С подобающим рыцарям благородством Жильбер де Годфруа и его сын отдали Уолтеру Уилсону лучшие земли и сукновальню, что делало Уолтера не только владельцем лена и вассалом короля, но и лендлордом Шокли.

– Ну, Годфруа мы почти разорили, скоро и от проклятых Шокли избавимся, – торжествовал Уолтер.

Его жестоким замыслам не суждено было воплотиться – впервые в жизни Эдвард воспротивился отцу. Обычно при заключении сделок Эдвард выступал в роли покладистого и добродушного человека, в противовес расчетливому и хитроумному Уолтеру, которого всегда недолюбливали, а в последнее время стали явно выказывать недовольство его поведением. Эдвард решил, что мягким обращением можно добиться большего. Торговцы Солсбери относились к Стивену Шокли с уважением, и настраивать их против себя не стоило.

– Шокли теперь в гильдии торговцев заправляет, человек почтенный, с ним ссориться негоже, – сказал Эдвард отцу. – Нам друзья нужны, врагов и без того хватает.

– Ты с проклятым Шокли задружиться желаешь? – удивился Уолтер.

– А что такого? Глядишь, польза будет.

Уолтер, недовольно поморщившись, погрузился в размышления. Всю жизнь он добивался одного: отомстить Шокли – и теперь мечтал о возможности унизить торговца, однако понимал, что сын прав.

– С Шокли лучше остаться друзьями, – настаивал Эдвард. – Нам ведь главное – разбогатеть. Он нам в этом поможет.

Уолтер, гневно воззрившись на сына, неожиданно махнул рукой:

– А, делай как знаешь!

На следующий день Эдвард Уилсон отправился в Солсбери, где встретился с экономом Роберта Уайвила, епископа Солсберийского, и за щедрое вознаграждение отписал сукновальню епископу.

– Теперь и епископ нам благоволит, – с улыбкой доложил отцу Эдвард.

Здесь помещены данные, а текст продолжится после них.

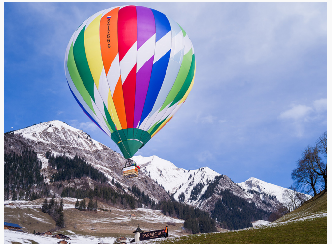
Balloon over target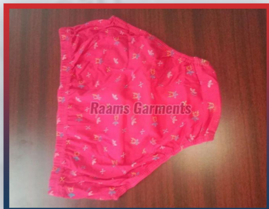
Ladis Printed Cotton Panties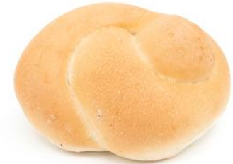
WHITE KNOT ROLLS Frozen shelf life - 6 months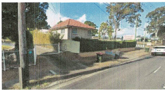
Under the plan, the depicted residential house at 55 Klumpp Rd would be demolished to expand the Perfect Beginnings childcare centre located behind it at 53 Klumpp Rd.

“There’s already close to 50 people on the waitlist for February, and we only have 58 spaces, so we aren’t meeting everyone’s needs.”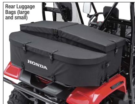
Rear Luggage Bags (large and small)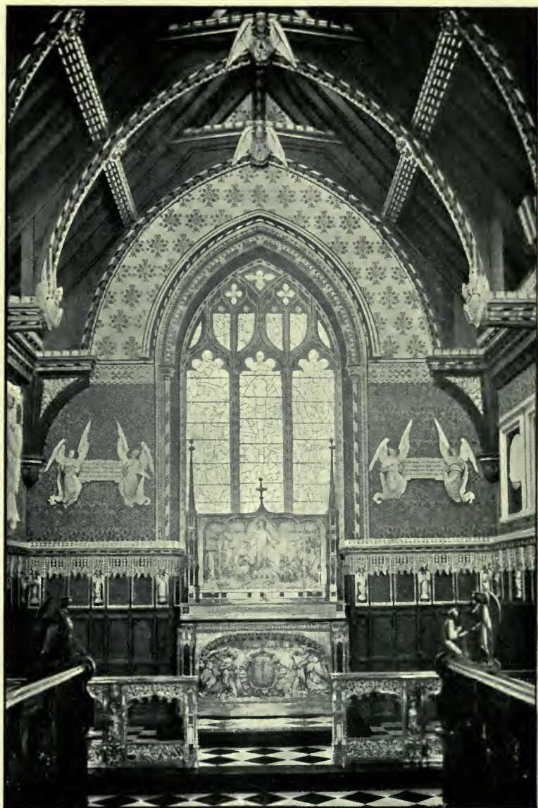
CHANCEL OF SANDRINGHAM CHURCH, DECORATED IN MEMORY OF H.M. KING EDWARD VII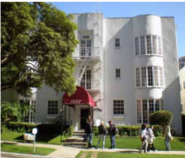
Claremont Hotel residence

The Claremont Hotel offers single rooms each with private bathroom facilities. Additional amenities include a common lobby/TV room, as well as a coffee room where students can enjoy complimentary tea or fresh coffee. From the property, students can easily walk to the UCLA campus. Nearby public transit provides students with access to Santa Monica, Beverly Hills, Hollywood and Universal Studios.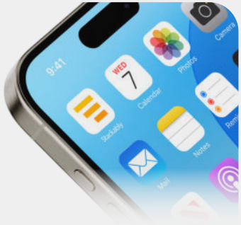
Stackably Customer App Access invoices, membership and community.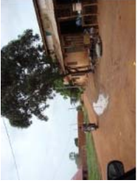
Abomey May 2010 (91)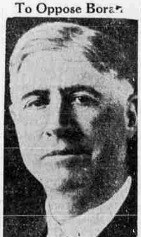
Postmaster General Farley has approved the Democratic party's approval on Gov. C. Ben Ross of Idaho (above) as an opponent to Sen William E. Borah.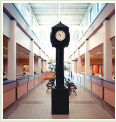
Topics Newspaper Facility Noblesville, IN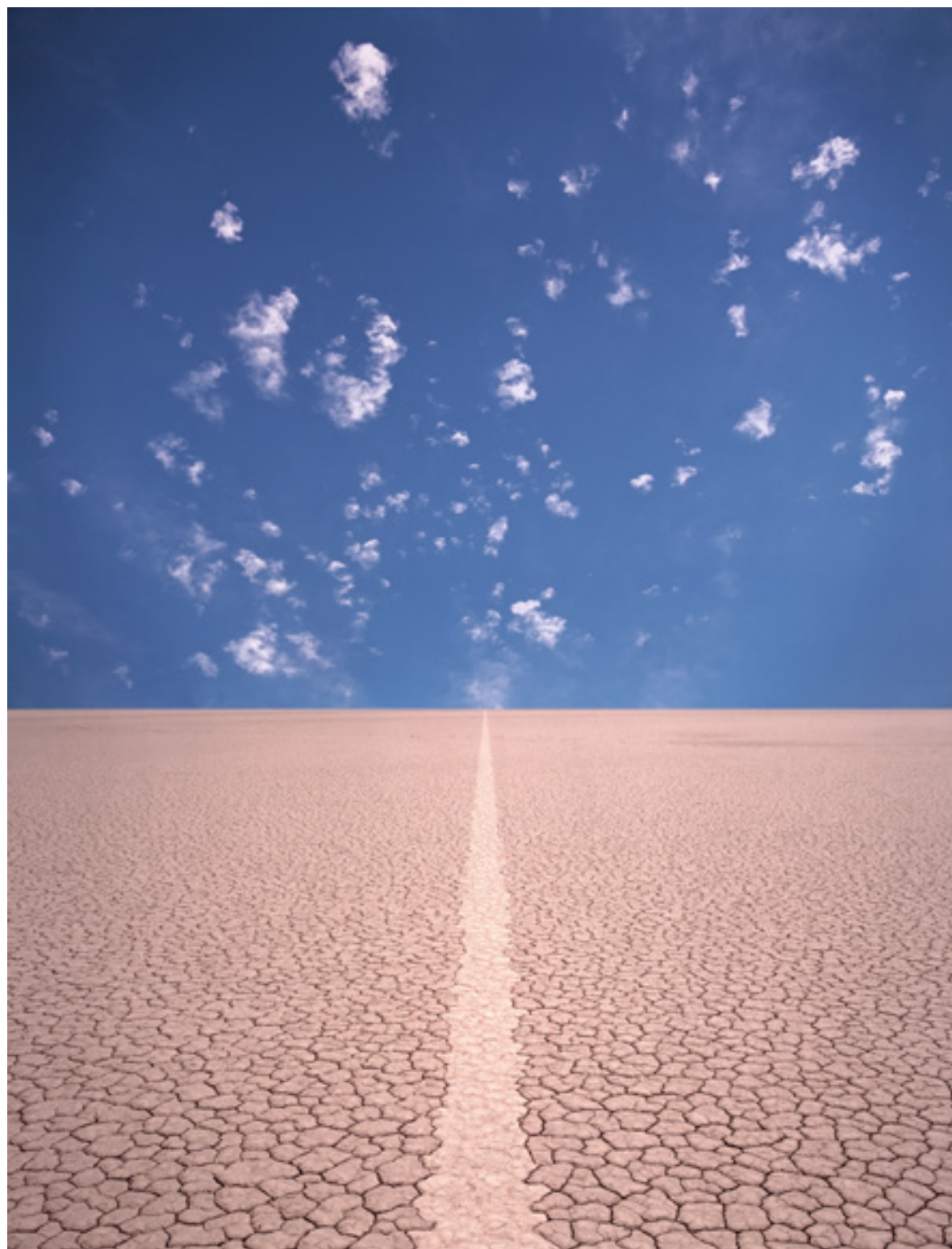
Alignment I, 1999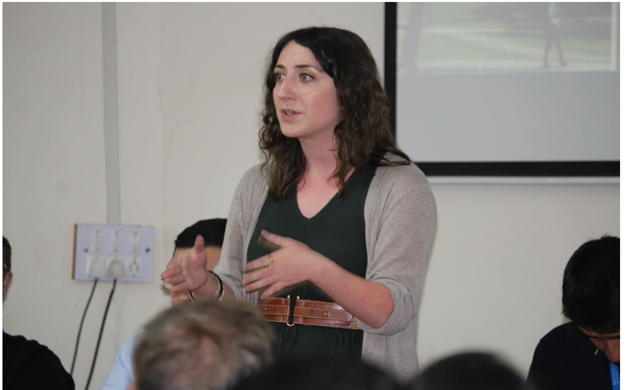
US Universities Representative explaining about MS Opportunities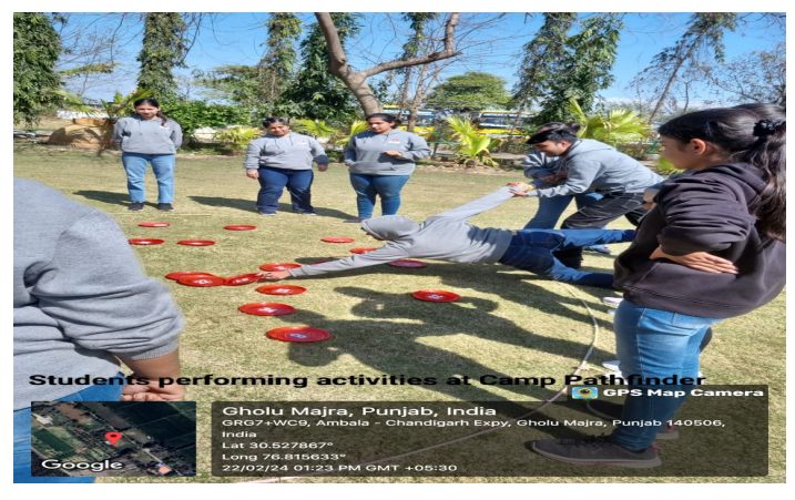
Students performing activities at Camp Pathfinder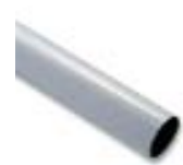
WA7 tubular aluminium bar, painted white Ø90x6250mm suitable where there are strong winds, only with WA11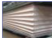
Lift Table Bellows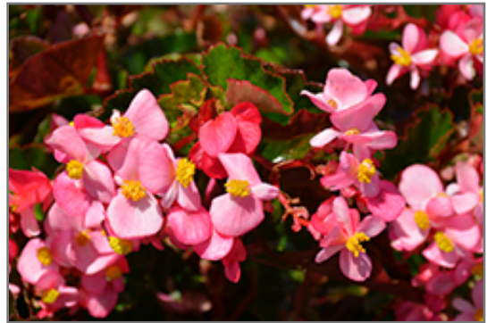
BabyWing Pink Begonia flowers

This is a high maintenance plant that will require regular care and upkeep, and usually looks its best without pruning, although it will tolerate pruning. Deer don't particularly care for this plant and will usually leave it alone in favor of tastier treats. Gardeners should be aware of the following characteristic(s) that may warrant special consideration;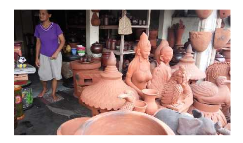
Figure 3. 42 Pottery Craft Shop, Kasongan, Bantul, Yogyakarta

Businesse that has been establishing for decades had experienced a variety of problems, start from capital issues, scarcity of clay, including the presence of factory products made from plastic which affected their business growth. However, they also have their own market share, namely antique collectors.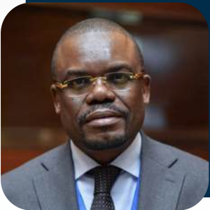
H.E. Dr. Jean Kaseya

"Africa Health ExCon serves as a pivotal catalyst, driving the future of healthcare innovation and investment. It is the premier platform for uniting stakeholders to build resilient health systems and accelerate progress towards universal health coverage on our continent."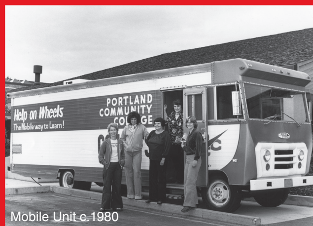
Mobile Unit c.1980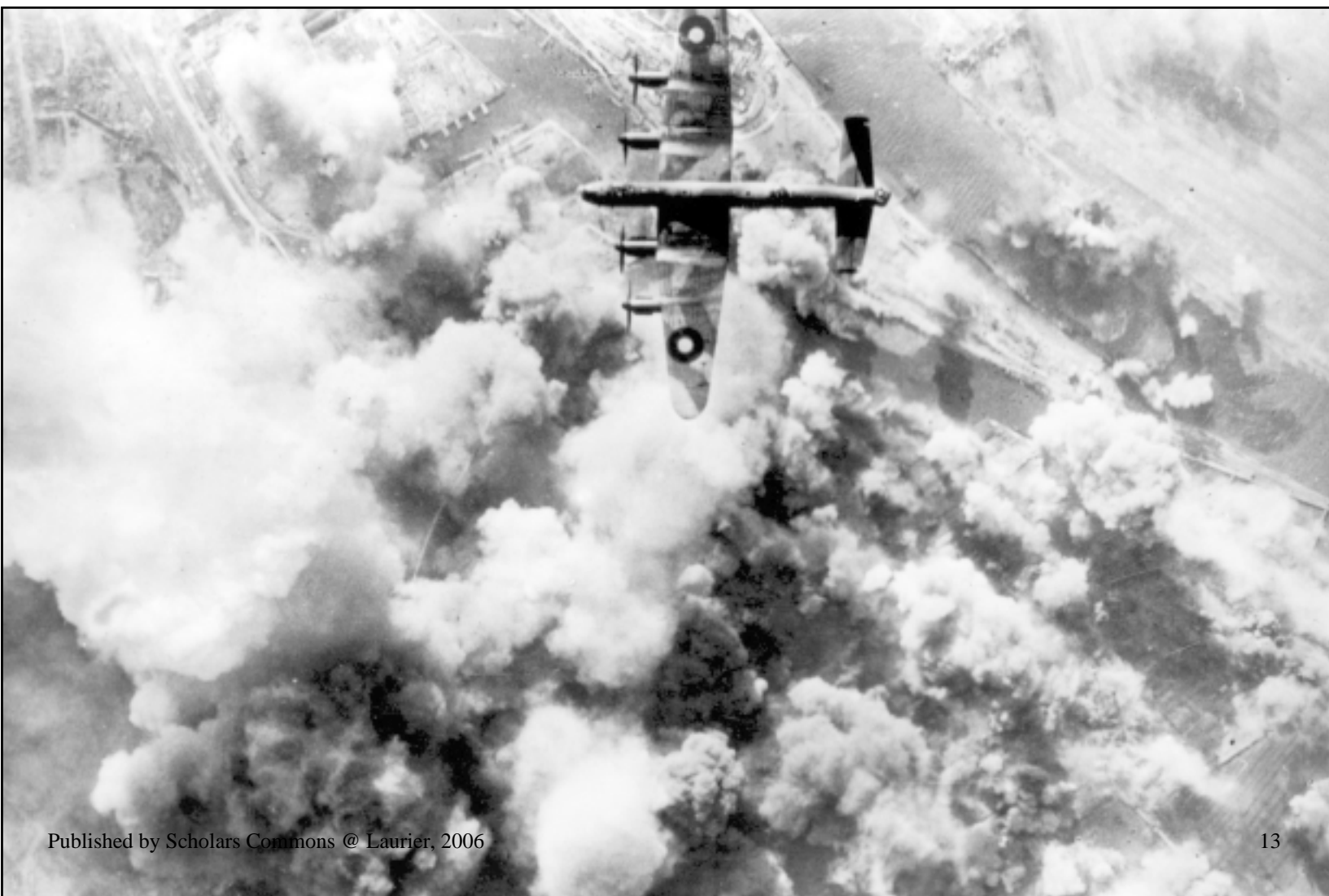
A Lancaster makes a daylight raid against an enemy dockworks.

According to one recent study, RAF crews were more successful than their counterparts in the USAAF in locating and striking a target when visual aiming was not possible. 114 This ability was a direct result of the extensive training British crews received on navigation aids. The devices which allowed Bomber Command crews to find a target at night proved equally as effective in

Впоследствии он не раз вспоминал отцовскую дальновидность – сукновальня приносила прекрасный доход. Производство сукна в Англии увеличивалось год от года, но росли и другие отрасли промышленности. Хотя многие графства еще не оправились от последствий чумы, Уилтшир и Солсбери процветали, а вместе с ними богатело и семейство Уилсон.

Бытует ошибочное мнение, что эпидемия чумы в 1348 году была ограниченной вспышкой, не повторившейся до пришествия Великой чумы в 1665 году. На самом же деле в последующие столетия очаги чумы возникали неоднократно; в частности, в 1361 году болезнь, снова вернувшись в Англию, свирепствовала в Лондоне.

Агнеса Масон, услышав о новой вспышке чумы, велела родным собираться.

– Пойдем в овчарню, – объявила она, полагая, что пастбища пустуют.

Дети Агнесы давно подросли, дочь вышла замуж, однако же, как и двенадцать лет назад, все послушно погрузили вещи на тележку и отправились на взгорье. Агнеса предупредила и Джона с семьей, но не удивилась, узнав, что он не желает покидать Авонсфорд.

Сама Агнеса тоже изменилась: рыжие волосы поседели, морщины избороздили лицо, тело исхудало и усохло, суставы болели, а пылкий нрав с годами поостыл.

На взгорье путникам преградил дорогу Уолтер Уилсон.

– Ты куда это собралась? – грозно обратился он к Агнесе.

– В овчарню.

– Я там овец держу, – заявил Уолтер. – Возвращайся в деревню.

Овчарня и впрямь стояла там, где изредка паслись стада Уилсонов, но в этом году пустовала.

– Нет там никого, – упрямо возразила Агнеса.

– Сегодня нет, а завтра будет, – поморщился он. – А тебе на мою землю хода нет.

– Господа из манора мне всегда дозволяли… – начала она.

– А теперь я здесь издольщик, – напомнил он.

Агнеса поняла, что Уолтер не врет, и пожала плечами:

– Ну, мы еще куда-нибудь уйдем.

Уолтер не собирался ее отпускать:

– Ты мне три дня работы задолжала.

– Так чума же! – воскликнула Агнеса.

– А работать кто будет?

– Мы в деревне не останемся, – заявила она.

– Сунешься на взгорье, я тебя собаками затравлю, – пообещал Уолтер и ухмыльнулся. – И дохлыми крысами забросаю.

Агнеса осеклась, сообразив, что Уолтер не погнушается исполнить угрозу: злопамятный старик никому прошлых обид не спускал.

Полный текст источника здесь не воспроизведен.